Скопление жидкости в брюшной полости клинически проявлялось с начала 2— 3-х суток жалобами больного на умеренную тяжесть и чувство распирания в животе. Брюшная стенка становилась отечной и пастозной в нижних и боковых отделах. При пальпации можно было обнаружить зыбление в нижней поло вине брюшной полости. Указанные явления почти не сопровождаются болезненностью при пальпации живота; не бывает выраженного подъема температуры и значительного нарушения пассажа кишечного содержимого. Скопление жидкости в брюшной полости может произойти вследствие обволакивания дренажей фибрином, чаще всего в том случае, если инстилляция жидкости в брюшную полость проводится нерегулярно, с перерывами. Осложнение устраняется промыванием дренажей перекисью водорода посредством шприца и длинной иглы, вводимой в просвет дренажа в нескольких местах. Кроме того, дренажи необходимо после распускания 1—2 швов довольно активно подтягивать и вновь погружать в брюшную полость, производя одновременно вращение их вокруг длинной оси. Слишком плотное ушивание раны может также вызвать сдавливание дренажей. Устранение этого рода осложнений не отличалось от описанного выше.

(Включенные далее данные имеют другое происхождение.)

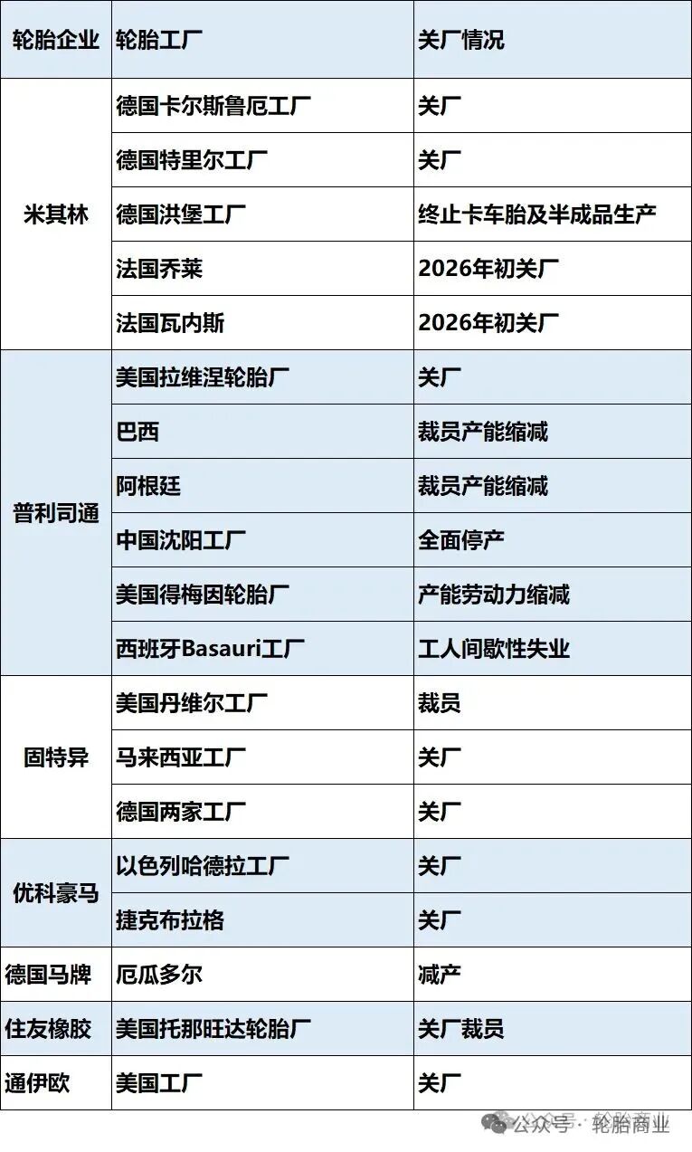 德国马牌则宣布了对马来西亚工厂和印度一家工厂的关停;

Более серьезной причиной скопления жидкости является высокое расположение дренажей. При этом жидкость, стекающая в нижние отделы брюшной полости, не удаляется и в дальнейшем может осумковываться.
Другим осложнением были имбибиция жидкостью подкожной клетчатки и подтекание раствора из-за негерметичного ушивания раны вокруг микроирригатора. Кроме того, причиной имбибиции мягких тканей жидкостью может быть подтекание ее из бокового отверстия трубки, находящейся на уровне брюшной стенки. Мероприятия по устранению этого осложнения заключались в обязательной ревизии части микроирригатора, находящегося в раневом канале, в продвижении катетера в брюшную полость на 1—2 см и наложении дополнительных герметизирующих швов. Если речь шла о дефекте герметизации раны вокруг «сигарного» дренажа, приходилось делать ревизию раны до брюшины с последующим послойным наложением швов.
Еще одна группа осложнений — частичная эвентрация сальника или петли кишки —наблюдалась при извлечении «сигарных» дренажей.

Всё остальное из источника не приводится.